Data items

=== Begin Enclosure ===

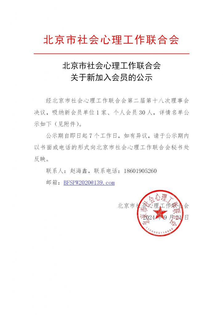北京市社会心理工作联合会关于新加入会员的公示 – 北京市社会心理工作联合会-欧亿平台在线登录注册
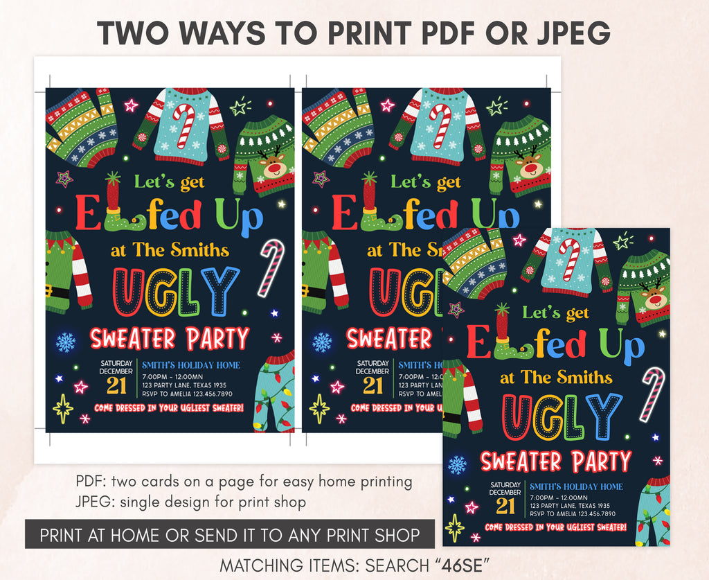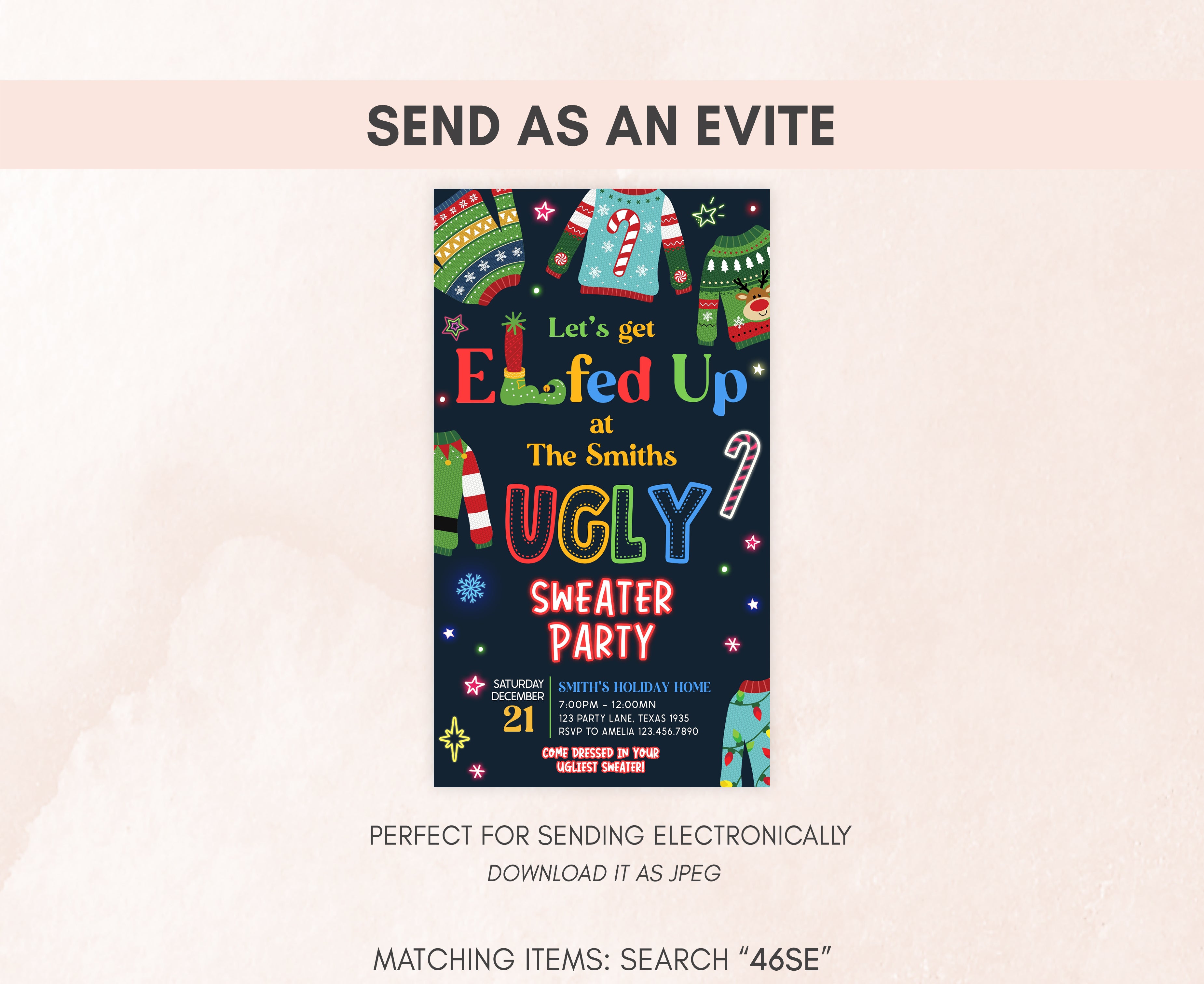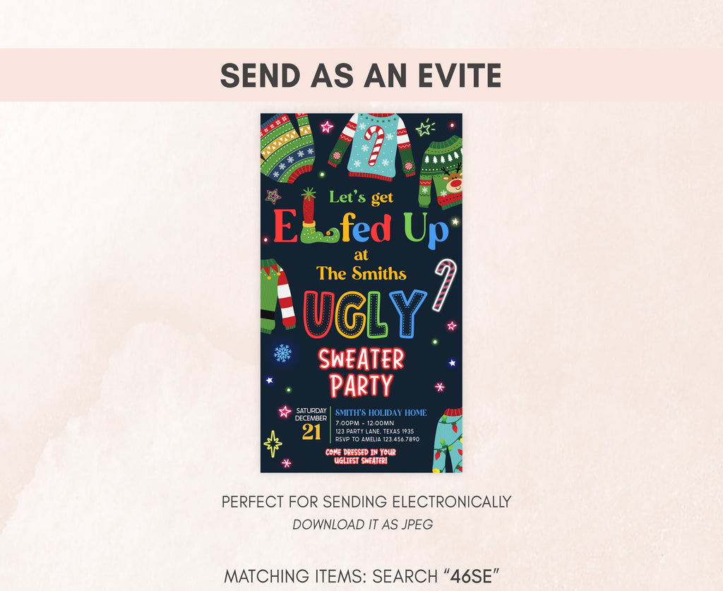 Celebrate with your guests at your Funny Christmas Party using our delightful Festive Ugly Sweater Invitation. This Cozy Christmas Gathering Invite is the ideal choice to tone for a Holiday-themed celebration.
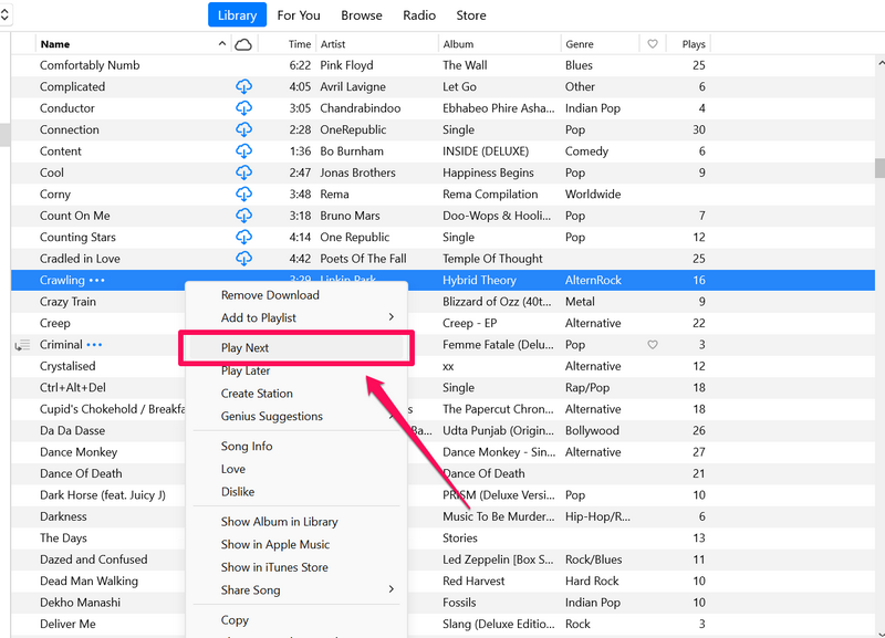 6.Ayrıca yapabilirsinizSize yeni şarkılar ekleyin Sonraki ListeileOnları sağ tıklamakve seçmekSırada OynayınBağlam menüsünde seçenek.
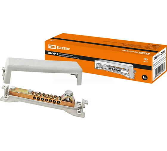 - Шина универсальная распределительная ШнУР 1 в корпусе 2 ввода 7 групп 160 А TDM
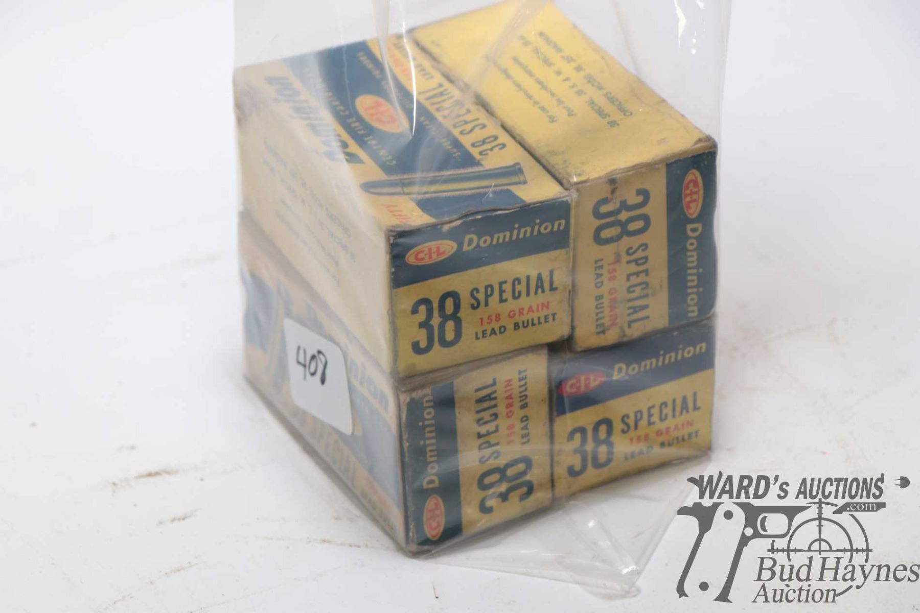 Four vintage 50 count boxes of Dominion .38 Special, including two boxes full with reloads, one full
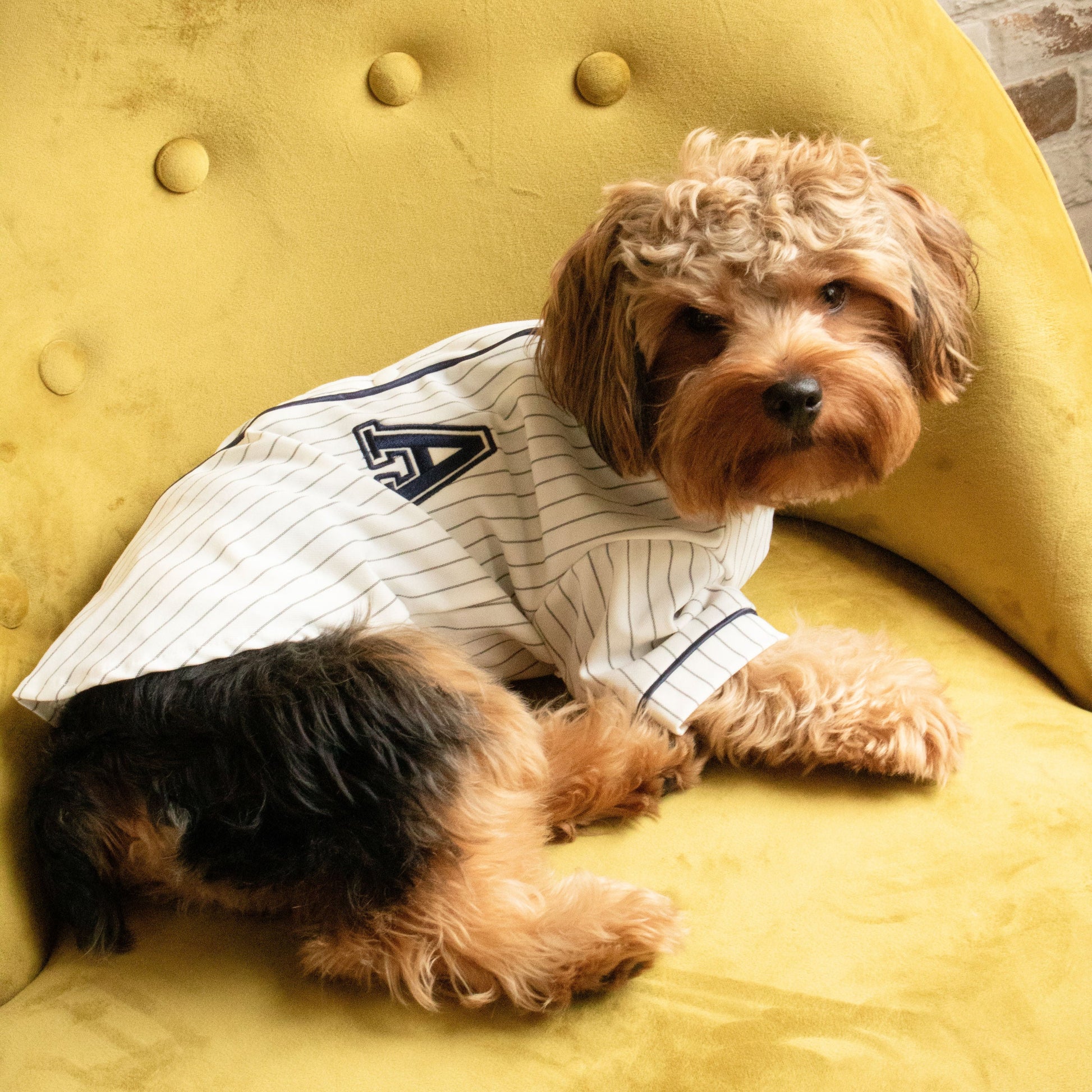 Camiseta tipo jersey con diseño deportivo y bordado de la letra A. Hecha de poliéster ligero y transpirable, ideal para paseos con estilo. Talla L: ideal para perros de 11 a 14 lb, con pecho de 46 cm y largo de espalda de 35 cm.
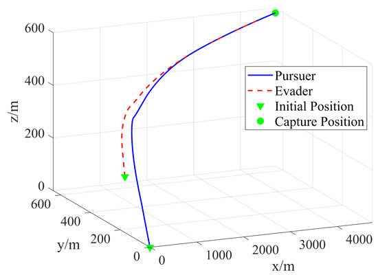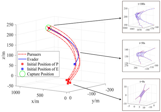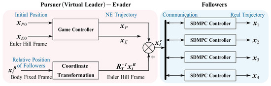 The game theory-based virtual leader–follower tracking control framework is shown in Figure 2. Based on initial conditions and the game control strategy, both the virtual leader (the pursuer) and the evader can follow their ideal NE trajectories. Then, using the distributed formation tracking control, the followers with a tethered net can track their formation trajectory under the uncertainty of tethered net dynamics and safety constraints.

=== End Enclosure ===

**Work instruction:** From the records above, copy only the lines running from the line containing "6.Ayrıca yapabilirsinizSize yeni" to the line containing "Four vintage 50", both ends included. Leave the pictures out.

**Result for this exercise:**
 6.Ayrıca yapabilirsinizSize yeni şarkılar ekleyin Sonraki ListeileOnları sağ tıklamakve seçmekSırada OynayınBağlam menüsünde seçenek.
 - Шина универсальная распределительная ШнУР 1 в корпусе 2 ввода 7 групп 160 А TDM
 Four vintage 50 count boxes of Dominion .38 Special, including two boxes full with reloads, one full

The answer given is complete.